General view of the Ciudad Bolivar slum, in the south of Bogota, Colombia, on May 4, 2018. (©Getty Images | RAUL ARBOLEDA)
A girl is seen walking in Altos de la Florida shantytown in Soacha, in the outskirts of Bogota, on Aug. 7, 2009. (©Getty Images | EITAN ABRAMOVICH)
Jose Alberto Gutiérrez drives a garbage truck through the streets of Bogota on May 26, 2017. (©Getty Images | GUILLERMO LEGARIA)

That’s why when José Alberto Gutiérrez found a copy of Leo Tolstoy’s Anna Karenina on his garbage route one day, he knew its worth. He brought it home with him instead of throwing it in the compactor and letting it fall apart in a landfill.

Over time, he found more books. Eventually, they grew into dozens, then hundreds. Years passed, and his growing library took over the entire first floor of his home. When the neighborhood learned just how many books he had rescued over the years, they started to come around and borrow some for themselves.

Some of the neighbors would come by looking for something for their children, hoping to improve literacy before the kids entered school. Others were simply looking for an affordable way to stay entertained, or to learn how to read themselves.

©Getty Images | GUILLERMO LEGARIA

It’s been over 20 years since Gutiérrez first picked up the Tolstoy volume from the trash, realizing the potential in the books others had discarded. He’s found everything from the classics to modern romances, kids books, and textbook volumes, and earned himself a nationwide reputation in the process; he’s known as the “Lord of the Books,” and his collection has extended beyond the community library in his home. Thanks to his efforts, there have been 50,000 books distributed everywhere from community libraries to rural schools that can’t afford to buy collections on their own.

It may seem like a lot of work, but the sanitation worker insists that there’s nothing more important than making sure his country can read.

“The most valuable inheritance we can leave our children is education,”  he told the Christian Science Monitor. “The day I fill Colombia with books, I’ll feel like Odysseus when he rescued Penelope and saved Ithaca from the war.”

Bogota's "Lord of the Books"

Emptying the bins of Bogota, Colombian trash collector Jose Alberto Gutierrez found a copy of the classic novel "Anna Karenina," and kept it.
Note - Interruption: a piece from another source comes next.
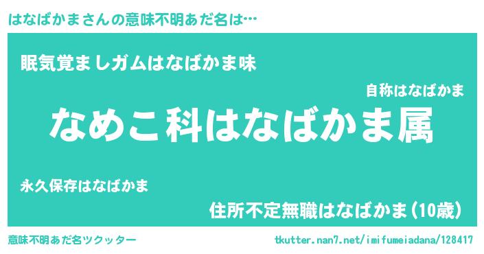| ヘコむあだ名 | 『はなばかま(遠い目)』『はなを』 |

That was 20 years ago — and he has kept collecting discarded books, amassing 25,000 of them in a free library, swelled by donations.
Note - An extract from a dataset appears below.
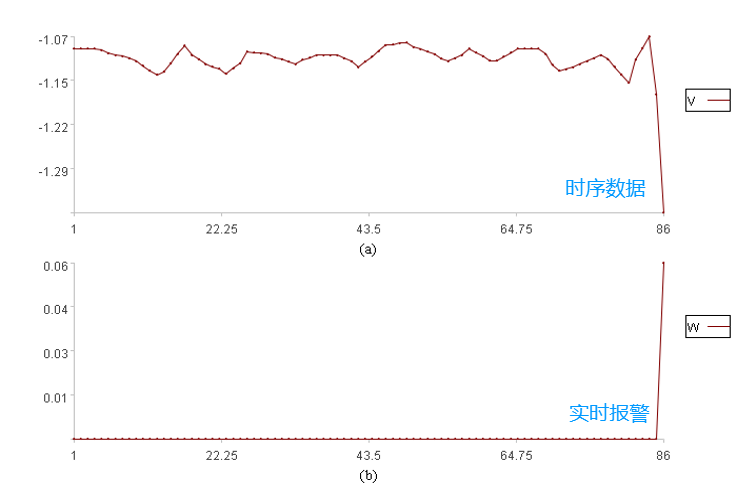 及时要求时效性高,最好是采集到数据的第一时间就能判断该数据是否异常,比如下图中的第86个点,刚采集到就给出了实时报警。

Posted by AFP News Agency on Tuesday, June 6, 2017

“The Lord of Books” has collected thousands of books that crowded into his home, converted into a free library. (©Getty Images | GUILLERMO LEGARIA)

Literacy rates have proven to have a direct correlation with prosperity, as an educated population is more likely to find itself able to work and adapt no matter the circumstance. For Gutiérrez, the ability to provide that possibility for the children in his neighborhood—far from the wealthy regions of Bogota where he finds most of the books he collects and takes with him—could be the difference between a lifetime of poverty and getting to move up in the world.
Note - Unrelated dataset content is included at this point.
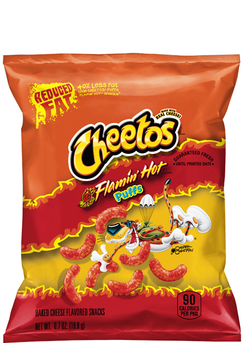 CHEETOS® Baked Crunchy FLAMIN’ HOT® Cheese Flavored Snacks ... CHEETOS ® Baked Crunchy FLAMIN’ HOT ® Cheese Flavored Snacks Description You want hot? We got FLAMIN’ HOT ® and 50% less fat than regular cheese flavored snacks. Let your inner cheetah run and feel good about it. Nutrition Facts Ingredients Buy Now Buy Now CHEETOS® Baked Crunchy FLAMIN’ HOT® Cheese Flavored Snacks (opens a popup) Product Reviews

Gutiérrez was let go by the sanitation company he worked for in February of 2018, but his work isn’t over just yet. In his interview with the Christian Science Monitor, he explained that he’s now turned his efforts towards helping fund and erect a community library outside of his home for the children who need it—ensuring that his legacy and work will live on long-term.

In addition to waste, he has collected thousands of books that crowded into his home, converted into a free library. (©Getty Images | GUILLERMO LEGARIA)
Jose Alberto Gutiérrez checks books stacked in his library on the first floor of his house in Bogota on May 18, 2017. (©Getty Images | GUILLERMO LEGARIA)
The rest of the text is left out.